Bonzo Goes to College is a 1952 American comedy film directed by Frederick De Cordova and starring Maureen O'Sullivan, Edmund Gwenn, Charles Drake, Gigi Perreau, Gene Lockhart, and Bonzo.

Plot

Former lab chimpanzee Bonzo, suddenly literate, runs away from a carnival sideshow. He lands in the college town of Pawlton, where young Betsy mistakenly believes the chimp is a gift from her grandfather, Pop Drew, the football coach at Pawlton.

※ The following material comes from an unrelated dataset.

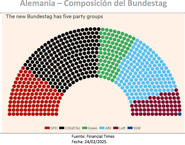 Intermoney | La ola de polarización política que llevamos años viendo en Europa hizo también su aparición en las elecciones generales en Alemania el pasado domingo, aunque con unos posibles escenarios de acuerdo más sencillos que los que hemos presenciado en otros países. Los socialdemócratas del SPD fueron los más castigados y se enfrentarán a mayores dificultades tras haber obtenido su peor resultado histórico (16%). Los democristianos del CDU/CSU de Merz, a pesar de la victoria, no lograron un resultado boyante pues cosecharon su segundo peor escrutinio histórico (28%), mientras que los liberales del FDP ni siquiera llegan al 5% necesario para entrar al parlamento.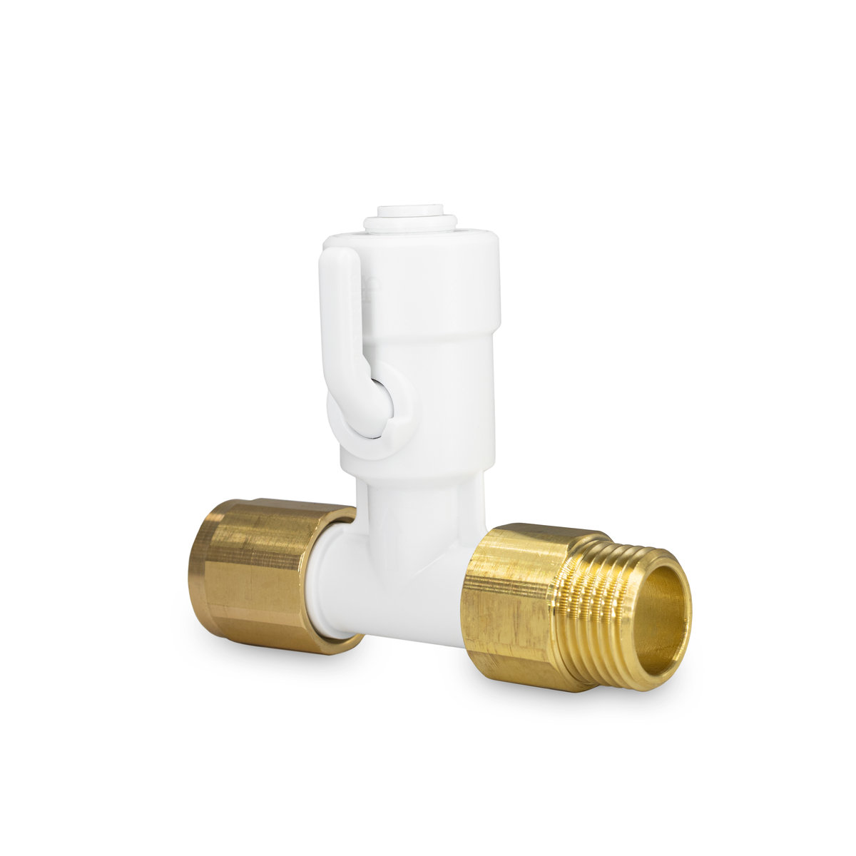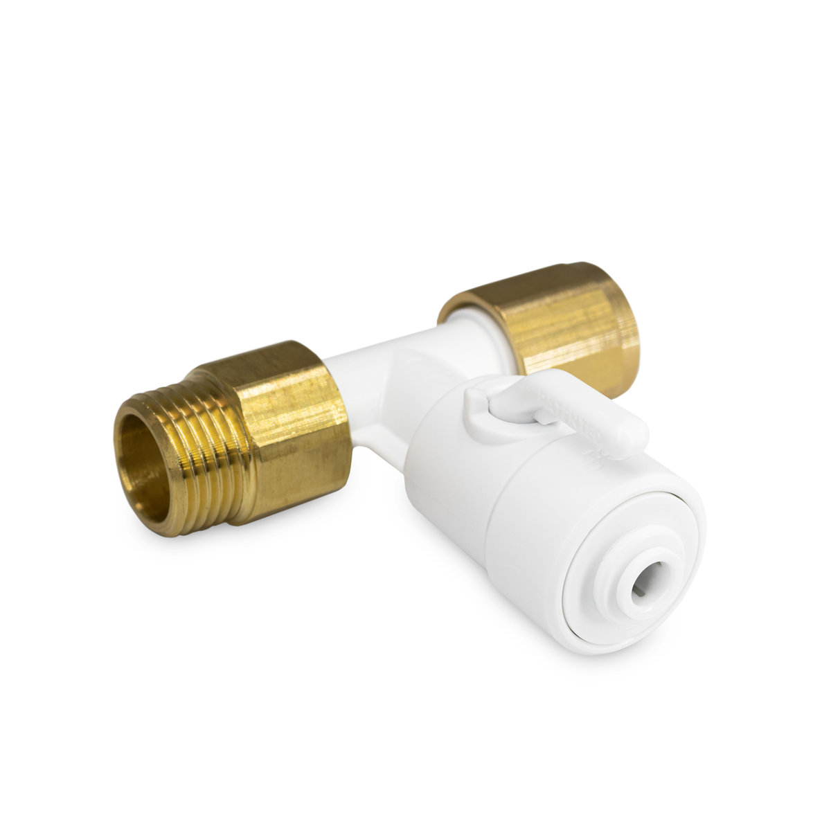 ASV10 kątowy zawór odcinający z zaworem zwrotnym marki John Guest. Element został stworzony specjalnie do podłączenia bocznego zaworu.

Betsy wants to formally adopt Bonzo, something her parents, Marion and Malcolm Drew, aren't too sure about. A judge goes along with the idea, pretending to officially approve an adoption, just to humor the girl. Betsy then writes her other grandfather, millionaire Clarence Gateson, to inform him she now has a baby brother. Gateson is thrilled until he arrives in Pawlton and finds the truth.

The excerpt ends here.